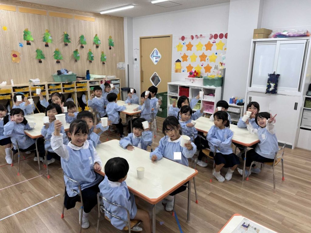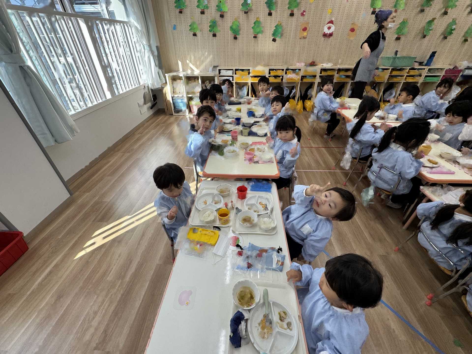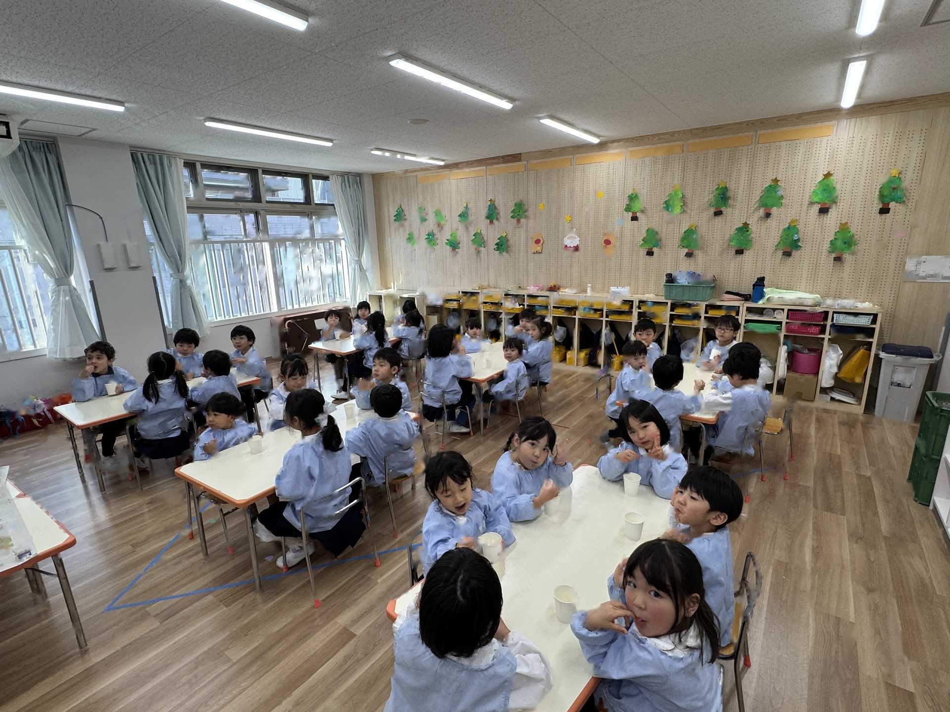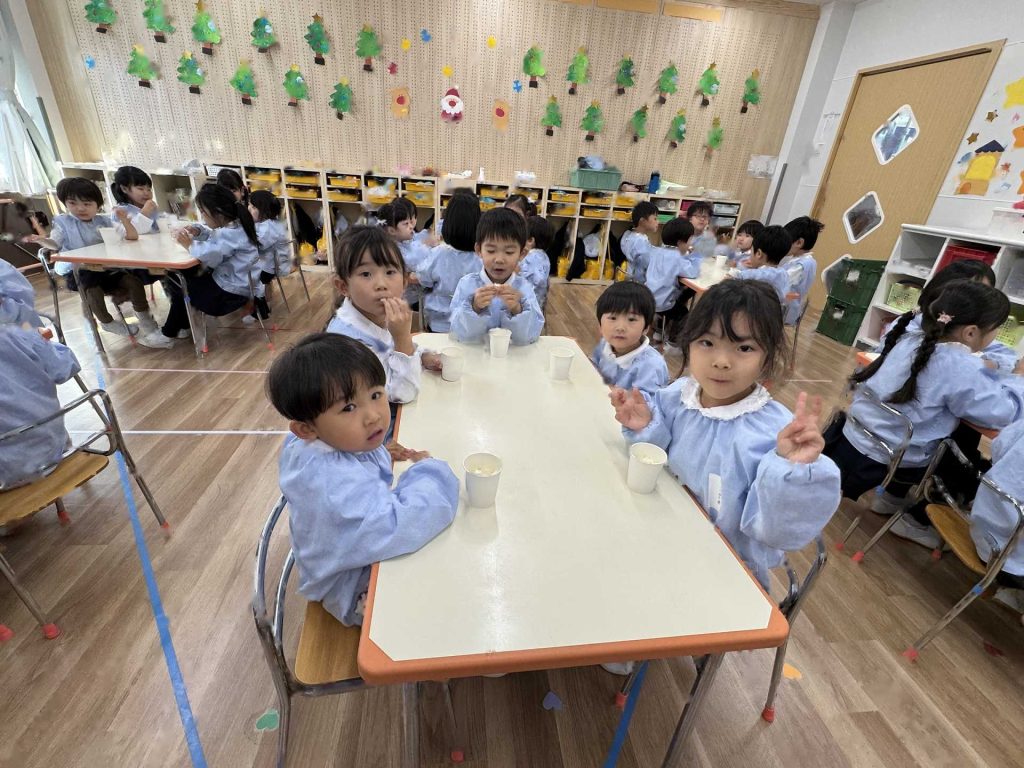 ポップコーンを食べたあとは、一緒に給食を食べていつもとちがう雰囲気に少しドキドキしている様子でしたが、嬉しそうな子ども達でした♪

--

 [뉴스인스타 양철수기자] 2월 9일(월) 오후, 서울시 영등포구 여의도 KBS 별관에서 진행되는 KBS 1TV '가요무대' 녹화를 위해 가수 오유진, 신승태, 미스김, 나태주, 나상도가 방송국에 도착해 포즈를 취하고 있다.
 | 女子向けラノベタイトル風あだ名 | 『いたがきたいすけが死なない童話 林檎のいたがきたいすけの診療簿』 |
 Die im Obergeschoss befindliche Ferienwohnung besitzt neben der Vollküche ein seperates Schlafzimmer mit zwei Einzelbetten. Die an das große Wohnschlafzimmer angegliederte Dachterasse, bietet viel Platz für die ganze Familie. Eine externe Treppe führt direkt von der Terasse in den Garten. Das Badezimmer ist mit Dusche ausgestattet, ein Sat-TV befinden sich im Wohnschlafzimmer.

--

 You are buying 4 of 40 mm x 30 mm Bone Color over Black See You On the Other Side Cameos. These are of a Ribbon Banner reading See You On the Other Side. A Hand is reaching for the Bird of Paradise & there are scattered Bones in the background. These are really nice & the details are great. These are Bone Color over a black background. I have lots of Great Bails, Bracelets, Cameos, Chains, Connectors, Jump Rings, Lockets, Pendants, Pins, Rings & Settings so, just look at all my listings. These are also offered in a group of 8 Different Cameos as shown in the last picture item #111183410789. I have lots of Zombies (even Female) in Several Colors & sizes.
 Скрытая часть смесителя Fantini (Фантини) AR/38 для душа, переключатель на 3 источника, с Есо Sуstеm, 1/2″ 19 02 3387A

Description of the task:
Using the data above, extract exactly the lines from the one that holds "女子向けラノベタイトル風あだ名 | 『いたがきたいすけが死なない童話 林檎のいたがきたいすけの診療簿』 |" to the one that holds "Die im Obergeschoss", both ends included, and no others.

Answer area:
 | 女子向けラノベタイトル風あだ名 | 『いたがきたいすけが死なない童話 林檎のいたがきたいすけの診療簿』 |
 Die im Obergeschoss befindliche Ferienwohnung besitzt neben der Vollküche ein seperates Schlafzimmer mit zwei Einzelbetten. Die an das große Wohnschlafzimmer angegliederte Dachterasse, bietet viel Platz für die ganze Familie. Eine externe Treppe führt direkt von der Terasse in den Garten. Das Badezimmer ist mit Dusche ausgestattet, ein Sat-TV befinden sich im Wohnschlafzimmer.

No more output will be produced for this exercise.